They had the exam room set up for us. There was a towel laid out on the table. They showed us right in, which I appreciated. They took care of the bill for us before, so that we could just leave when we were ready. I've seen tearful families quickly leaving in the past when I've been in the waiting room. I always thought that it was considerate that they don't make you settle up right after saying goodbye to your pet. I've never been present for the end of a life before, and I don't look forward to having to do it in the future. I chose to help her move on rather than waiting for the end. She was suffering, and I didn't want to come home to her, knowing she had gone alone. I was glad that I was able to be there, difficult as it was. I was glad there were tissues in the room. I needed them. I sort of need them now. A good friend who has gone through this several times recently said that she likes to talk to her cats as they go.
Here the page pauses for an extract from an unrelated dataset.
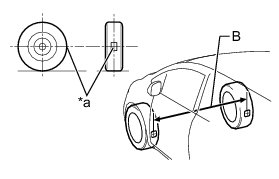 (d) Put tread center marks on the rearmost points of the front wheels and measure the distance between the marks (Dimension B).
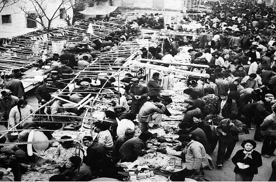人們提著籃子上街售賣商品

I liked that idea. It's comforting knowing that the last thing she heard was my voice.

We chose not to bring her ashes home. I thought about it, having a little ceremony in the back yard. It didn't feel right though. She was an indoor cat. She never spent time in the yard. We won't even have this yard in a few years, and I would hate the idea of leaving her behind that way. I was sure to take a lot of pictures of her, and might consider having some kind of keepsake made. For now, I'm choosing to move on and take the memories with me.

I was very conscious of needing to explain what was happening, so that it wouldn't be a surprise. I hope that I was careful to strike that balance of being honest without being blunt, to be accepting of any reaction, to be open to questions without being pushy. I would recommend several books to help explain loss to children. Ida, Always, I Will Always Love You, and Saying Goodbye to Lulu were excellent. There were others that we read which were definitely not excellent, but I won't list them here. The last two were about losing pets, dogs specifically. Ida was a polar bear, and that story was told from her best friend Gus's perspective. I thought it was beautifully written and illustrated. In the end I'm glad that our first experience with loss is that of a loved pet, and that it was a natural death, though helped along. That was the only thing none of these books addressed, and I wish one of them had. While it was really hard, I do believe it's kind to help end suffering when there's no chance of it getting better.

I am adjusting to saying that I have a dog now. Not a cat and a dog. Just a dog. He drives me crazy, but he's a good boy. He is also, and always has been, a snuggler.

Back in 2009 or so, just getting to know each other









He is definitely my husband's buddy, like J was mine. He still favors D, but he's been scootching a little closer to me. I think he knows I need it.

I'll miss you sweet girl.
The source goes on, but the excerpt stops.